How do cancer tumors develop resistance?
Scientists have developed a blood test to track the resistance of tumors in real time.
The Cancer Research UK team has recently revealed a new blood test for monitoring how tumors evolve and to ultimately answer the question of how tumors develop drug resistance. The test follows disease progression and resistance by examining circulating tumor DNA (ctDNA) found in the blood of cancer patients.
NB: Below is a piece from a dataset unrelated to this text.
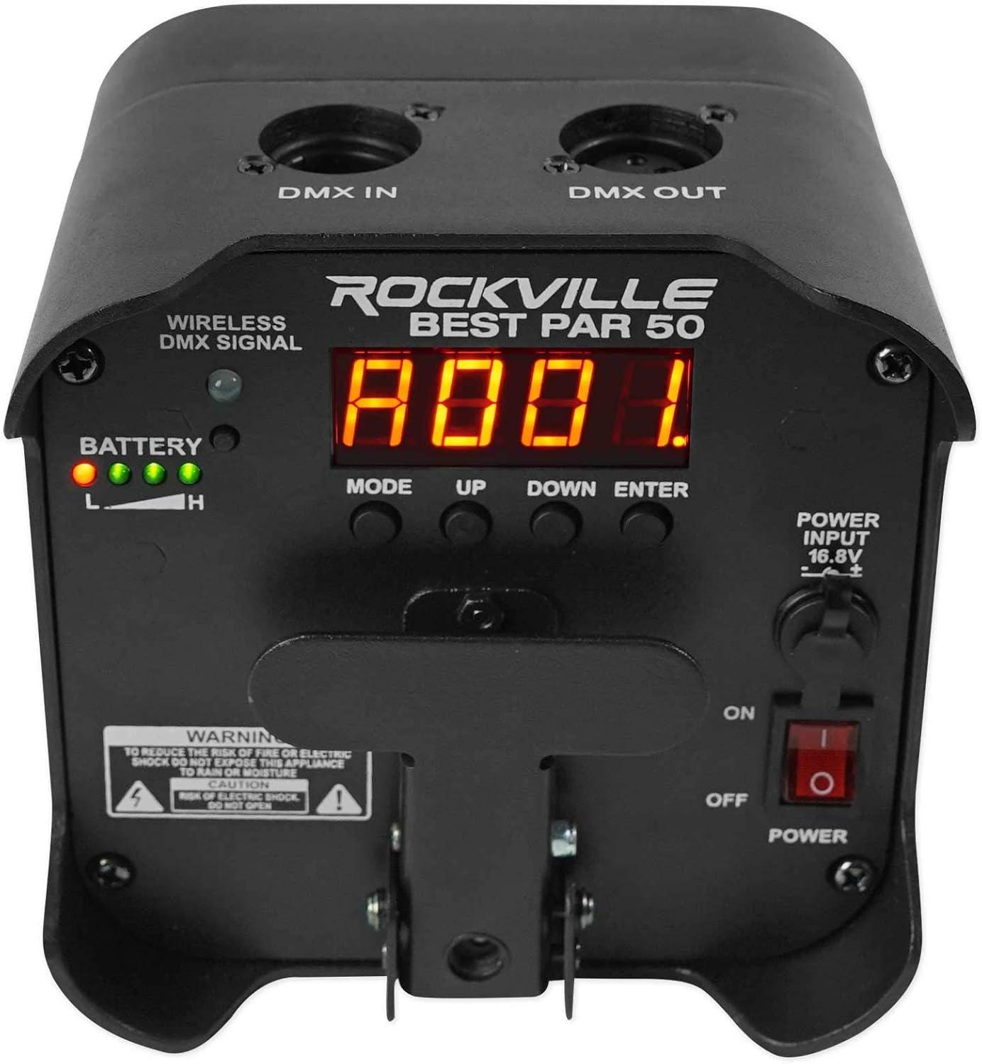 Package Includes: (10) RockvilIe BEST PAR 50 Rechargeable Par Can Wash Light w/ Wireless DMX+RGBWA+UV. (1) RockvilIe ROCKFORCE W2 192 Channel Wireless 2.4Ghz DMX Lighting Controller. RockvilIe BEST PAR 50 Rechargeable Par Can Wash Light w/ Wireless DMX+RGBWA+UV. 100% true wireless! Built in 2.4GHZ Wireless DMX 512 receiver allows you to link multiple lights together without wires

The study involved taking blood samples from six patients with advanced breast, ovarian and lung cancers over the course of 1–2 years. Levels of tumor ctDNA were observed before and after each chemotherapy treatment to assess how they changed. This meant that the scientists could identify which of the changes in tumor ctDNA correlated to drug resistance.
Director of clinical research at Cancer Research UK, Kate Law commented, “Research is helping us to find answers to one of cancers’ biggest questions – how tumors develop resistance to many of our most effective drugs.”
The method allowed the team to discover several changes linked to drug resistance in response to chemotherapy drugs, such as transtuzumab (Herceptin), which is used to treat HER2 positive breast cancers, paclitaxel (taxol), which is used to treat ovarian, breast and lung cancers, and tamoxifen, which is used to treat estrogen-positive breast cancers.
Not only does the new method provide an insight into how cancer tumors develop resistance but it also provides a novel, less invasive method of collecting ctDNA; the current more difficult and more invasive method involves taking a direct sample from the tumor.
An author of the study, Nitzan Rosenfeld commented, “Tumors are constantly changing and evolving which helps them develop a resistance to many of the drugs we currently give patients to treat their disease. We have shown that a very simple blood test can be used to collect enough tumor DNA to suggest to us what parts of the cancer’s genetic code is changing and creating tumor resistance to chemotherapy or biologically targeted therapies. We hope that our discoveries can pave the way to helping us understand how cancers develop drug resistance as well as identifying new potential targets for future cancer drugs.”
Sources: Scientists develop simple blood test to track tumour evolution in cancer patients; Murtaza M, Dawson S, Tsui D et al. Noninvasive analysis of acquired resistance to cancer therapy by sequencing of plasma DNA. Nature DOI: 10.1038/nature12065v (2013) (Epub ahead of print).